Historically, periods of major productivity expansion have created significant long-term economic value. AI increasingly appears positioned to become one of those transformational periods as companies capable of integrating AI effectively into their operations improve margins, increase efficiency and strengthen earnings power even within a higher interest rate environment.
For investors, the distinction between speculative enthusiasm and measurable earnings improvement is important because markets supported by real productivity gains tend to be significantly more durable over time.
Valuation Stability Is Supporting Market Durability
A frequent concern among investors today is whether markets have become overly expensive following the strong rally of the past two years. But context matters.
Since late 2023, the S&P 500 has risen substantially, moving from approximately 5,000 to above 7,000. However, the majority of that increase has been driven by improving earnings power rather than dramatic valuation expansion.
Our analysis suggests that approximately 80% of the market’s advance during this period can be attributed to higher corporate earnings, while only a relatively modest increase in valuation multiples contributed to the remainder. Figure 2 highlights the relationship between the S&P 500 Index and its price-to-earnings ratio over the recent market cycle.

Markets supported by earnings growth historically demonstrate greater resilience during periods of macroeconomic uncertainty because profitability provides a stronger long-term foundation than speculative valuation expansion alone.
Today’s market environment appears fundamentally different because the current advance is being supported by improving corporate profitability rather than purely speculative valuation expansion. The market continues to benefit from stronger productivity trends, durable earnings momentum and improving operational efficiency across several sectors of the economy.
Portfolio Positioning Continues to Focus on Earnings Power
Our investment discipline remains centered on identifying companies capable of generating sustainable long-term earnings growth.
We continue to favour businesses with:
• Strong and accelerating earnings growth
• Balance sheets capable of funding innovation internally
• Durable competitive advantages
• Clear exposure to AI-driven productivity expansion
• Management teams capable of adapting to rapidly evolving economic conditions
We maintain meaningful exposure to several of the world’s largest hyperscale technology companies including Amazon, Alphabet, Meta and Microsoft. These businesses possess the financial resources, infrastructure and technological capabilities necessary to convert large-scale AI investment into long-term earnings growth as adoption broadens across the economy.
Beyond technology, we also continue to see growing opportunity across industrials, infrastructure, materials and energy businesses that stand to benefit from the downstream economic effects of AI-related capital investment and productivity improvements.

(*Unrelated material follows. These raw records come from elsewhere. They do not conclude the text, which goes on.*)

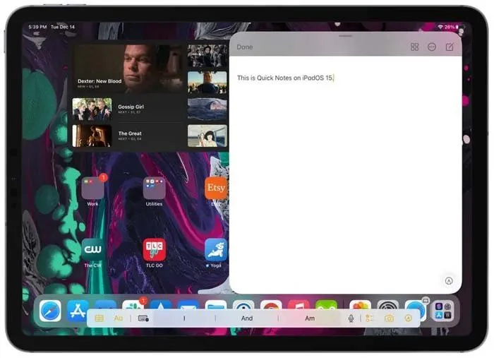 با iOS 15، اپل از قابلیت جدید Quick Notes رونمایی کرد که به زبان ساده به کاربران اجازه میدهد راحتتر از گذشته و به سرعت یادداشتبرداری کنند. برای دسترسی به این قابلیت، از گوشهی سمت راست نمایشگر به صورت مورب سوایپ کنید. بعد از یادداشتبرداری، اگر این پنجره را به سمت کنار بکشانید، به طور موقت مخفی میشود و اگر یادداشتبرداری تمام شده، کافیست روی Done ضربه بزنید.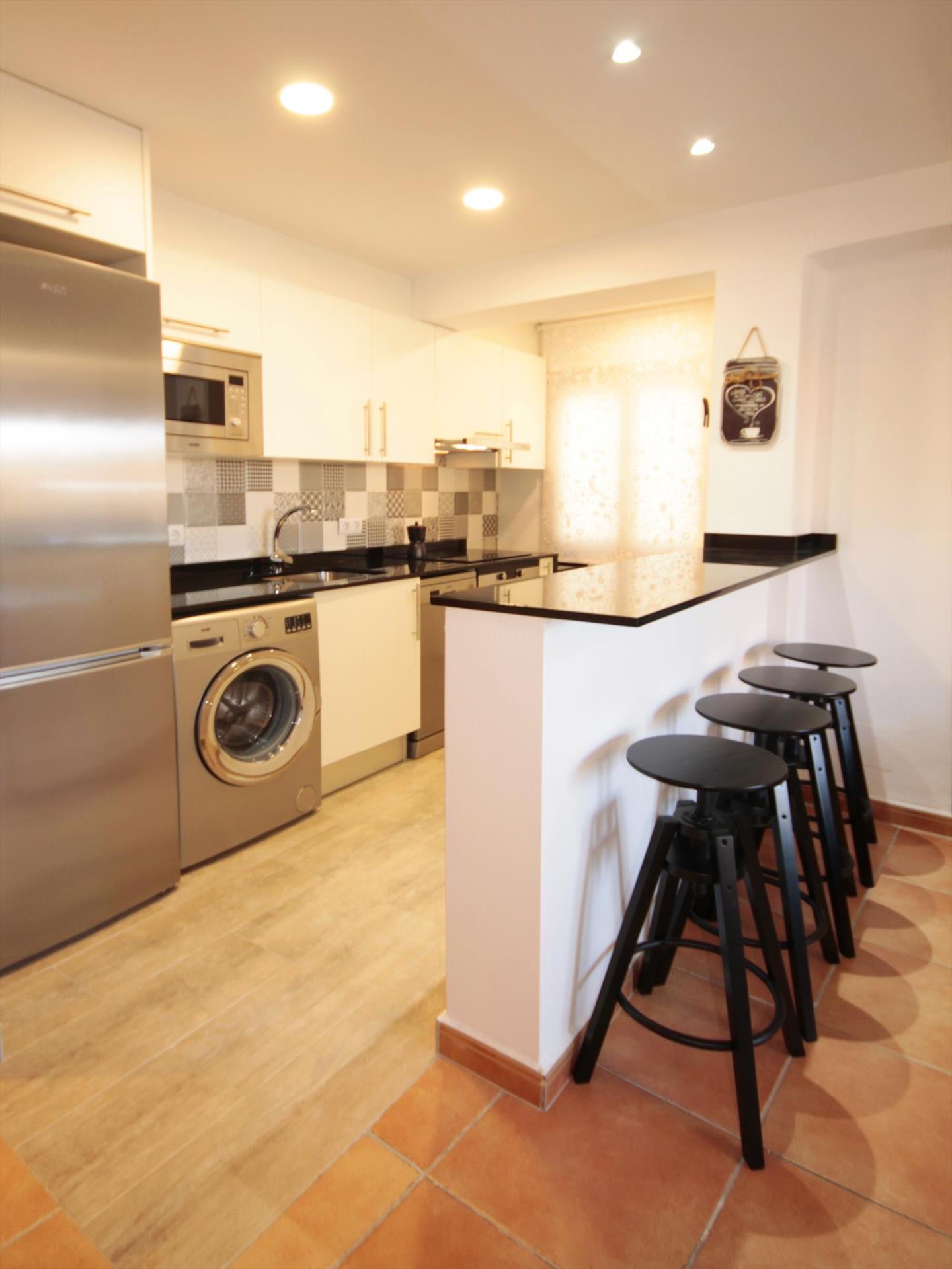• open keuken met elektrische kookplaat, elektrische oven, magnetron, vaatwasser, koel-vriescombinatie, koffiezetapparaat, waterkoker en broodrooster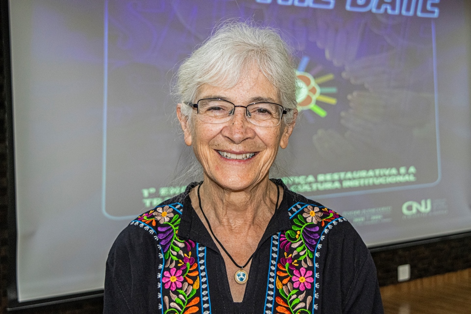 Nascida no Estado de Nova Iorque (EUA), de fala mansa, olhos pequenos, jeito doce e muito humilde, não é exagero dizermos que ela se tornou a ‘Mãe dos Círculos de Construção de Paz’, e referência internacional quando o assunto é difundir as práticas da Justiça Restaurativa. Acompanhada da tradutora e também instrutora de círculos de paz, Fátima De Bastiani, Kay ministrou nos dias 21 e 22 de setembro, no Tribunal de Justiça de Mato Grosso, o Workshop ‘Justiça Restaurativa e os Processos Circulares’.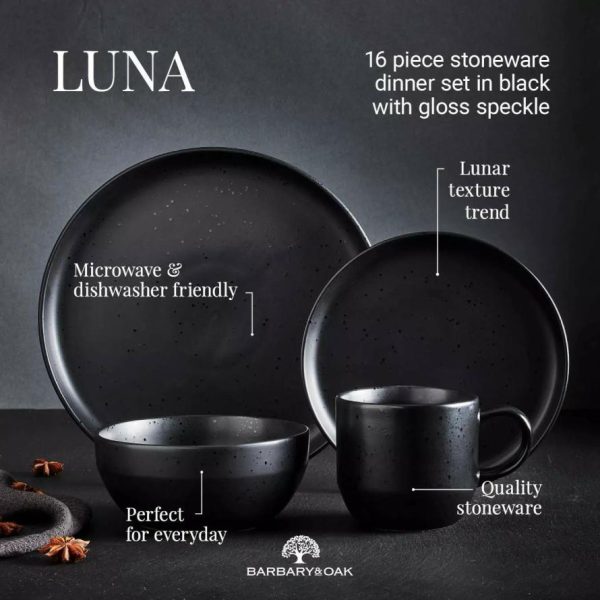 Homeware Luna Piece Dinnerware Set Black | Tower Housewares Dinnerware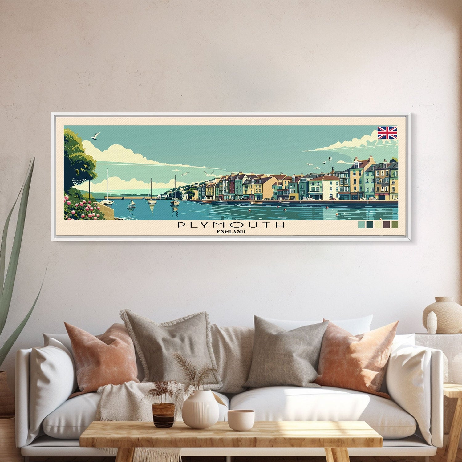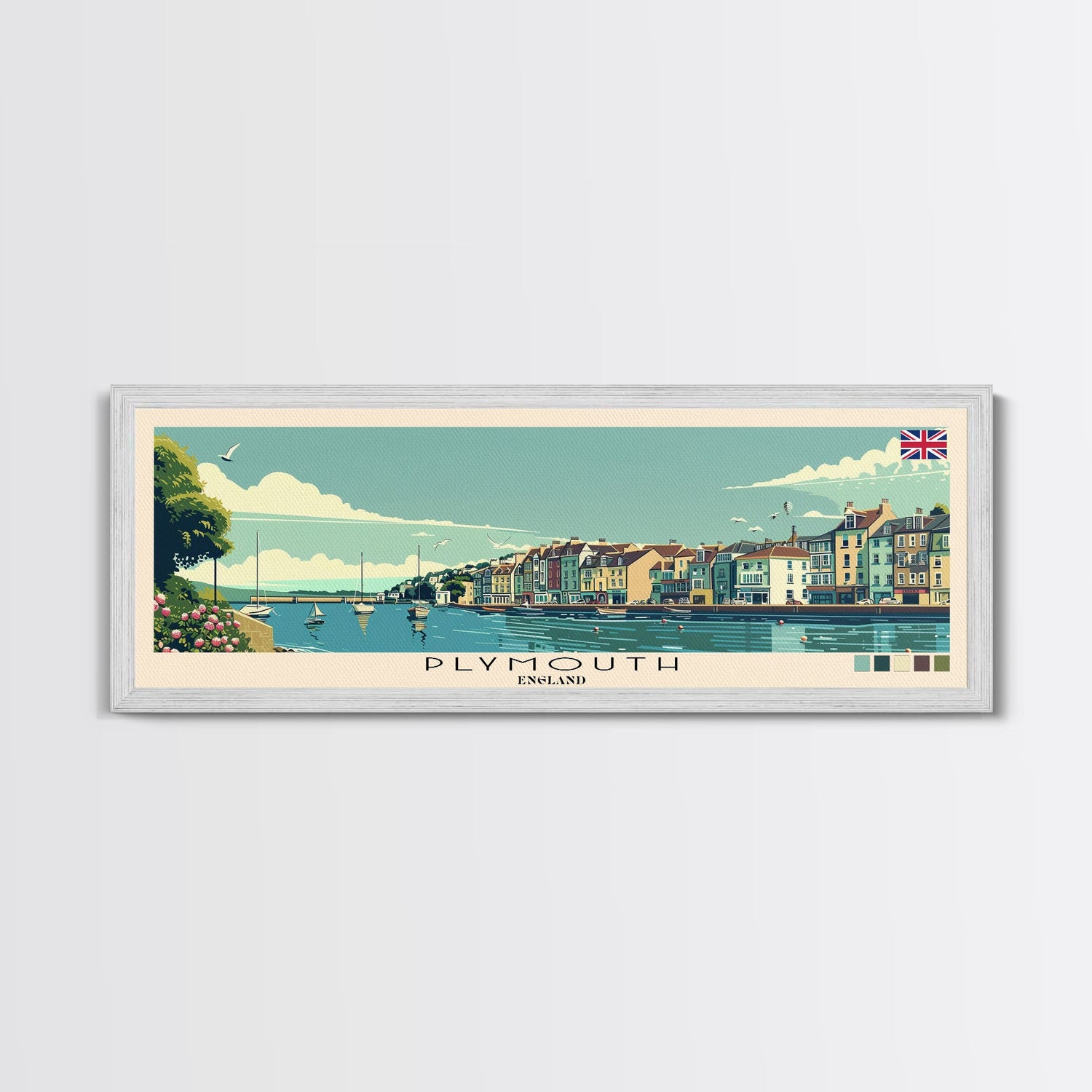 Plymouth, England Panoramic Canvas Print, Plymouth, England Painting, England Art, Plymouth Travel Poster, Travel Art, Guest Room Painting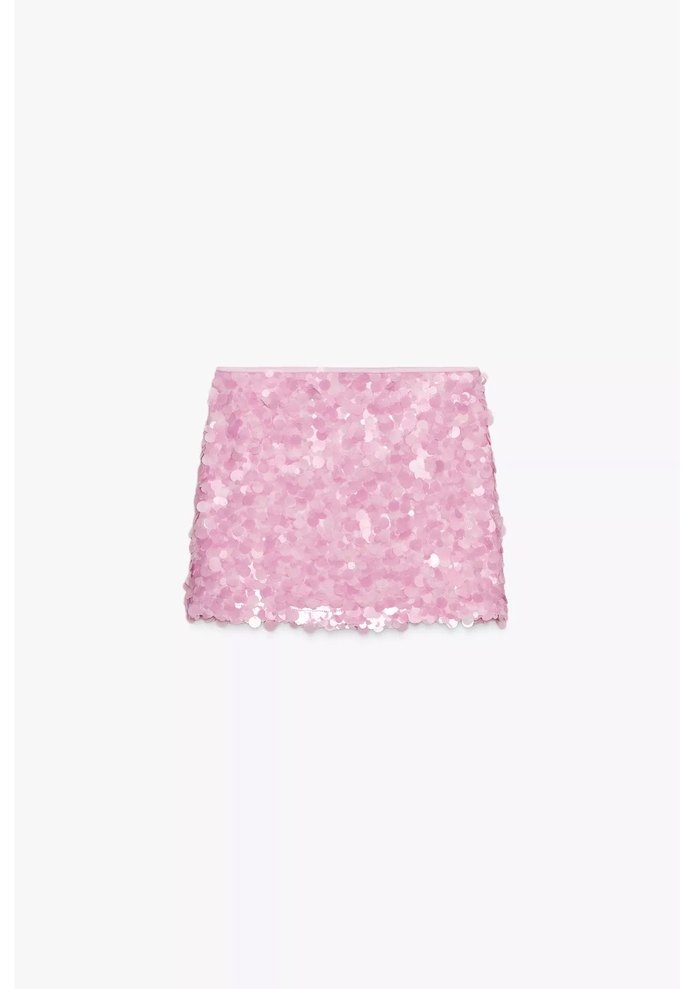 Pullu kısa etek. İç astarlı. Dikişte gizli yan fermuarlı. Bol kalıp sıfır ve etiketli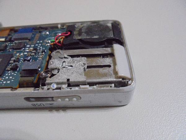 【拆殼判定】SONY索尼4GB~ICD-UX560F錄音筆先前均正常使用→錄音筆摔落地面後導致USB接頭無法推出~無法充電亦無法傳輸檔案→要修好錄音筆USB接頭恢復正常使用~以工具劃開ICD-UX560F錄音筆背蓋卡楯→新北市三重區-黃先生【以繞圈方式】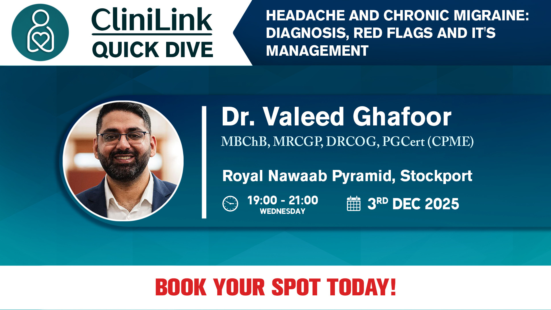 | 20:15-20:45 | Headache Management Pathway and GMMMG guidelines | Dr Valeed Ghafoor |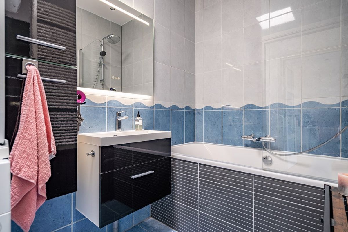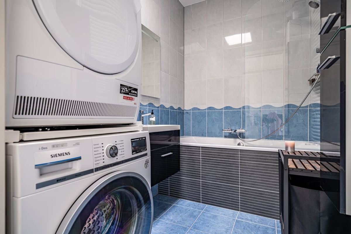 De badkamer is voorzien van een ligbad met douche, wastafel met spiegel en radiator. Hier bevinden zich tevens de aansluitingen voor de wasmachine en de CV-opstelling.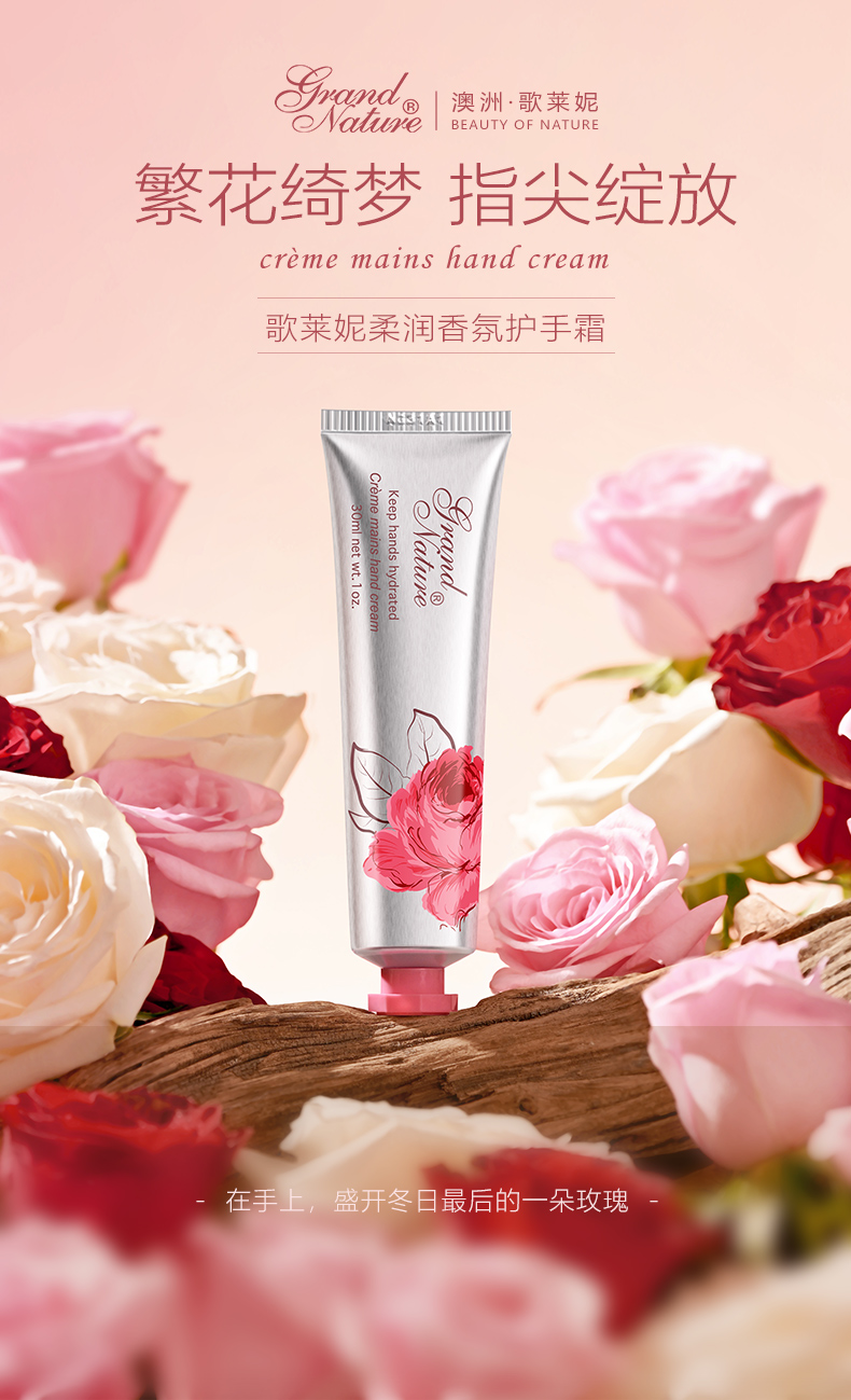 歌莱妮玫瑰柔润香氛护手霜滋润保湿补水嫩白天然玫瑰香秋冬防干裂新品30ml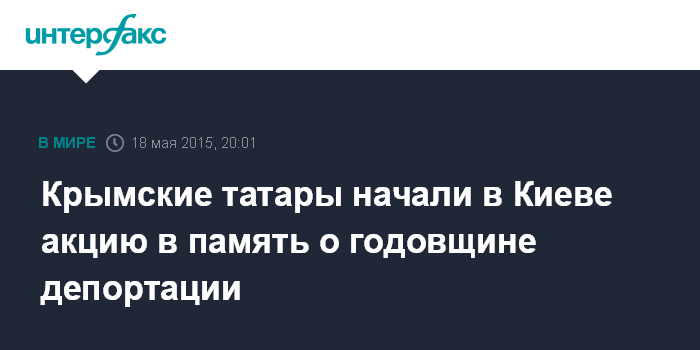 Москва. 18 мая. INTERFAX.RU - Представители крымскотатарского народа проводят в Киеве на Майдане Независимости акцию, посвященную памяти 71-й годовщины депортации из Крыма.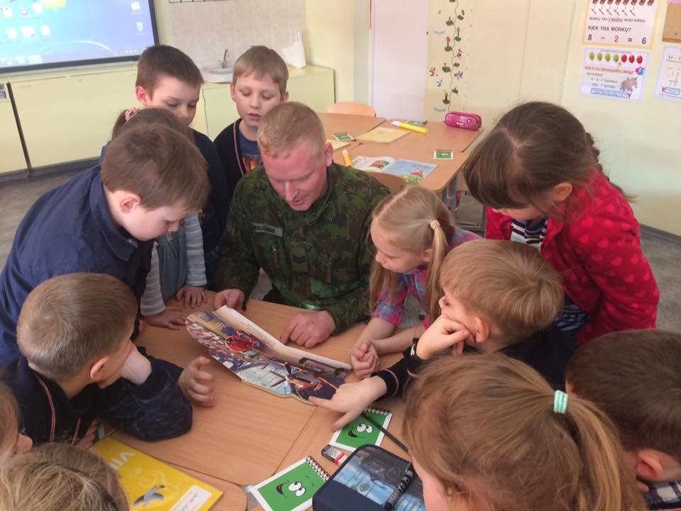 Į Jonavos Raimundo Samulevičiaus progimnaziją atvyko LK KOP OESKV Oro erdvės kontrolės centro seržantas Andrius Žideliūnas su latviškomis knygelėmis: jas skaitė pirmokams ir apdovanojo suvenyrais aktyviausius viktorinos dalyvius.

We are also beginning to see improving earnings momentum across parts of the industrial sector as supply chain disruptions and product shortages created during the pandemic continue to normalize. Many businesses spent the past several years working through operational bottlenecks, delayed capital projects and inventory constraints that persisted well beyond the initial COVID recovery period. As those pressures ease, industrial companies are increasingly benefiting from both improving operating conditions and rising demand tied to large-scale AI infrastructure development, including data centres, power systems, electrical equipment and broader industrial buildouts.
Importantly, the current market environment does not require further valuation expansion to support future returns. If earnings growth continues moving higher, markets can continue advancing even within a relatively stable valuation framework.
Over long investment horizons, equity returns continue to be grounded in fundamentals such as earnings growth, productivity improvement and capital allocation discipline rather than short-term market narratives. Our focus remains unchanged: identify businesses capable of converting productivity gains into durable profitability while avoiding companies unable to adapt to structural economic change.